2. HDFS Architecture

1. HDFS Architecture Overview

Master-Slave Architecture:

Master Node (NameNode):
- Stores metadata (e.g., block locations, file permissions).
- Acts as a central point to manage the file system namespace and regulates access to files.
Slave Nodes (DataNodes):
- Store the actual data in blocks.
- Periodically send heartbeat signals and block reports to the NameNode.

File Storage in HDFS:

Files are split into fixed-size blocks (default: 128 MB, configurable to 64 MB or higher).
These blocks are stored across multiple DataNodes.

Example:
A 500 MB file splits into:

Block 1: 128 MB
Block 2: 128 MB
Block 3: 128 MB
Block 4: 116 MB

2. Metadata and Block Management

Metadata in NameNode:
- Information like file paths, permissions, and block locations is stored in memory.
- This allows the NameNode to respond quickly to client requests.
Replication Factor:
- Ensures fault tolerance by storing multiple copies of each block across different DataNodes (default: 3 replicas).

3. NameNode Federation

Introduced to handle scalability challenges in HDFS:

Why Needed?
- As metadata grows, a single NameNode becomes a bottleneck.
- In large clusters, one NameNode may not handle metadata for all files efficiently.
Solution:
- Federation divides metadata among multiple NameNodes.
- Each NameNode manages a subset of the namespace, providing better performance and scalability.

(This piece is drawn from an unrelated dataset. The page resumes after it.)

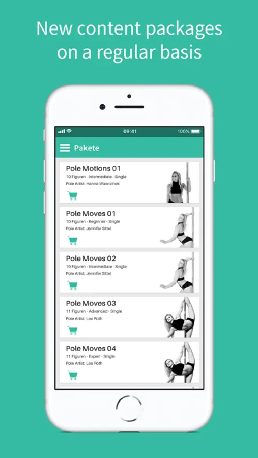 You can buy new content packages containing a minimum of 10 new elements for your collection. Learn from your favourite pole instructors with our special pole star packages.
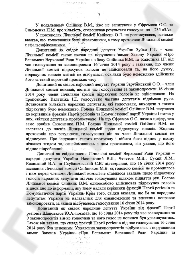 Під час слідства у Генпрокуратурі допитали як свідків багатьох нардепів, в тому числі членів лічильної комісії Наконечного, Чечетова, Сухого, Калюжного та Скубашевського. Вони підтвердили, що 16 січня 2014 року засідання Лічильної комісії Олійником як головою комісії не проводилось. Він не ставив завдання членам лічильної комісії щодо підрахунку голосів народних депутатів. Під голосування шляхом підняття рук Олійник одноособово здійснював підрахунок голосів відповідно до інформації, яку йому надали керівники фракцій Партії регіонів та Комуністичної партії. Крім того, свідки вказали, що їм як народним депутатам не надавалися для ознайомлення та внесення поправок законопроекти, за якими відбувалось голосування 16 січня 2014 року.

4. Fault Tolerance Mechanisms

DataNode Failure:

If a DataNode fails, the blocks it stored can be retrieved from replica nodes.
Replication ensures data availability despite hardware failures.

NameNode Failure:

NameNode stores its metadata and namespace in RAM, so failure leads to system downtime.
Secondary NameNode:
- Acts as a backup, periodically merging the edit log with the file system image (FSImage).
- However, it is not a real-time replacement for the primary NameNode.

Rack Awareness:

Ensures replicas are stored across multiple racks (geographical regions):
- Prevents data loss due to rack failures.
- Default strategy: Place one replica in one rack and two replicas in another rack.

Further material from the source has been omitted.